Eugenie hadn’t wanted to wear shorts and at first had refused flatly: “I’m not that sort of girl. You ought to know by now. I either wear long trousers or a dress. You ought to know.”
“I’ll make it worth your while,” said Zillah recklessly. “Five pounds.”
“Ten.”
“You’ll come to a bad end.” Zillah used the same words her mother had used to her twenty years before.
Jordan sniveled. Zillah had thought of quietening him in some positive and dramatic way, such as by giving him a tot of whisky, but she’d lost her nerve and had resorted to junior aspirin instead. It had had no effect.
She smiled charmingly at the reporters and posed, holding a hand of each child, for the photographers. Jordan stopped crying for five minutes, fascinated by the biggest dog Zillah had ever seen that one of the cameramen had brought with him. She said she had something for them all and passed out copies of a statement she’d done on Jims’s computer the night before. It said that everything in that morning’s paper was true and she’d only like to add that she’d be standing by her husband and supporting him through thick and thin. She and he had spoken several times on the phone that morning and she’d assured him of her devotion and her determination to be a rock for him to cling to. She answered only one question before retiring into the building with dignity.
A young woman with a Yorkshire accent asked her if Jims was bisexual.
“I’m sure he won’t mind my saying that yes, he is. Everything has to come out into the open now.” In one of Malina’s favorite phrases, she added that trust and caring “must be the building blocks of our new relationship.”
Jordan burst into fresh tears. Satisfied with what she had done, Zillah carried him up in the lift. After the interviews and the photographs she felt rather flat. She was in the position of having absolutely nothing to do. When would Jims get back? It was a lie she’d told the newspaper people when she’d said she and Jims had spoken several times that morning. She knew he wouldn’t phone and she’d no intention of phoning him. But he’d be home and she wasn’t going to be there when he came if she could help it. When she’d rejected the idea of the cinema, swimming pools, and the various entertainments on offer at the Trocadero, she took the children out to lunch at McDonald’s and then on a river boat to the Thames Barrier. The water was calm and the motion slow, but Jordan was sick and cried all the way home.
They returned to the flat at six and Jims still wasn’t back. Unless he’d come in and gone out again. She suspected this wasn’t so and was proved right within ten minutes. By that time she’d changed into a pair of beach pajamas she’d bought at a shop at The Cross, remembered her father was ill but didn’t phone her mother, and put both children in the bath. The front door opened and closed. When she turned round she saw Jims standing in the doorway. His face was pale and he looked racked with anxiety.

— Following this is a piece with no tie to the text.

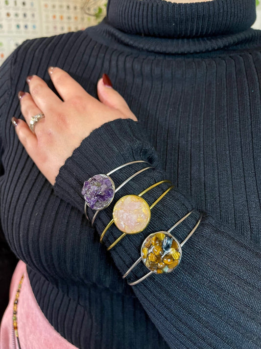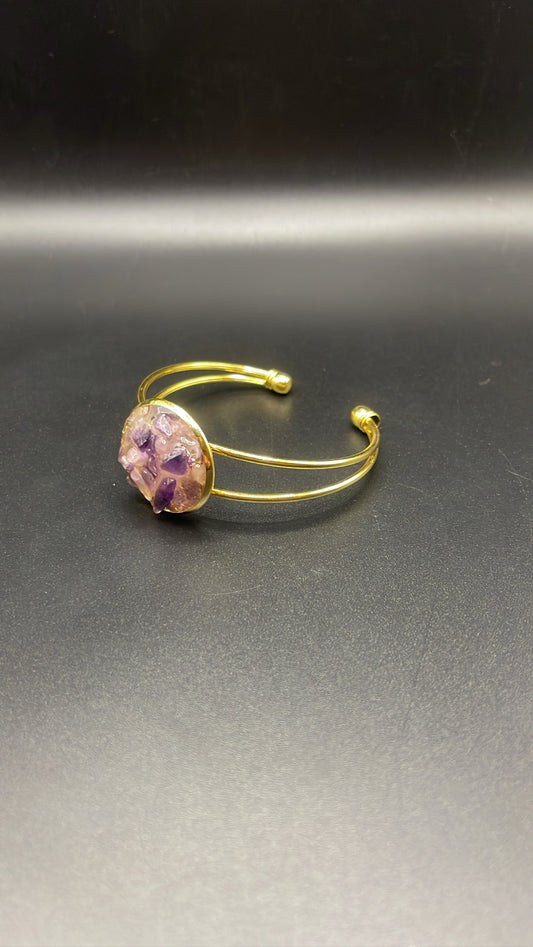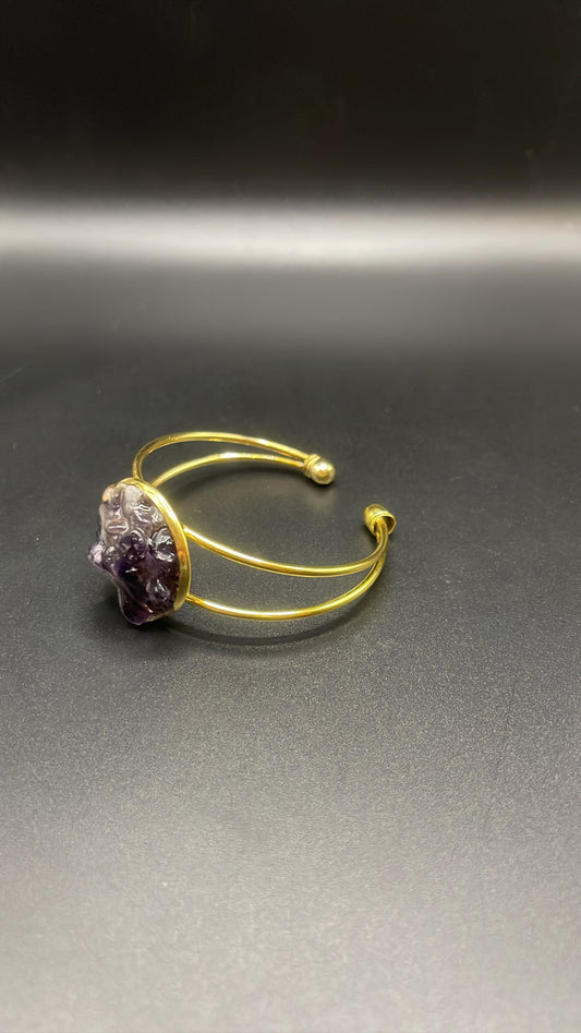 ✨ Ethereal Glow: Adjustable Gold Cuff Bracelet with Amethyst Chips ✨

“I’m just going to phone my mother,” she said nervously.
“Not now,” he said, and “May I get you a drink?” in the silky tones he used when he was either very pleased or very angry.

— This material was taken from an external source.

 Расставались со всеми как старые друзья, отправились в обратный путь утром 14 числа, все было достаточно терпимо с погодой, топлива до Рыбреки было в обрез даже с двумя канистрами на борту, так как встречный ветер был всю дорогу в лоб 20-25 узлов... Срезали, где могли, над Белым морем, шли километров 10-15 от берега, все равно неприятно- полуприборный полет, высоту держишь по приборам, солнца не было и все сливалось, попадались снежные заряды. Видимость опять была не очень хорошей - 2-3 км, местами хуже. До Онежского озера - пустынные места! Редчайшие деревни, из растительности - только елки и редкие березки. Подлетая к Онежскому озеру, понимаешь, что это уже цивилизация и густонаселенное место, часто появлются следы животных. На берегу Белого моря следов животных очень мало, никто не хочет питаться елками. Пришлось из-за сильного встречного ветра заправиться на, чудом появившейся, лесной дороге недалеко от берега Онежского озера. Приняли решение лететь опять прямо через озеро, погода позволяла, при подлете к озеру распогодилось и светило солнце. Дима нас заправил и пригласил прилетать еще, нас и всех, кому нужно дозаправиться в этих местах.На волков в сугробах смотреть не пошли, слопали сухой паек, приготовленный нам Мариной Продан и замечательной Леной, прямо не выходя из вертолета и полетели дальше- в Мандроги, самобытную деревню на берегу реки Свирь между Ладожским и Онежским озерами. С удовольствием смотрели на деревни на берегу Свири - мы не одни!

She didn’t know whether to say yes or no. She rinsed her hands under the tap and dried them. “A gin and tonic, please.” Her voice came out rather timidly. She followed him into the living room.
He brought her the drink and stood over her for a moment or two. There was nothing threatening in his stance but he himself was a threat to her and she flinched. He laughed, a bitter, dry laugh. “I’ve seen the newspaper,” he said, sitting down. “I suppose it’s a newspaper, I don’t know what else to call it. And I’ve talked to the media. A bit OTT, wasn’t it?”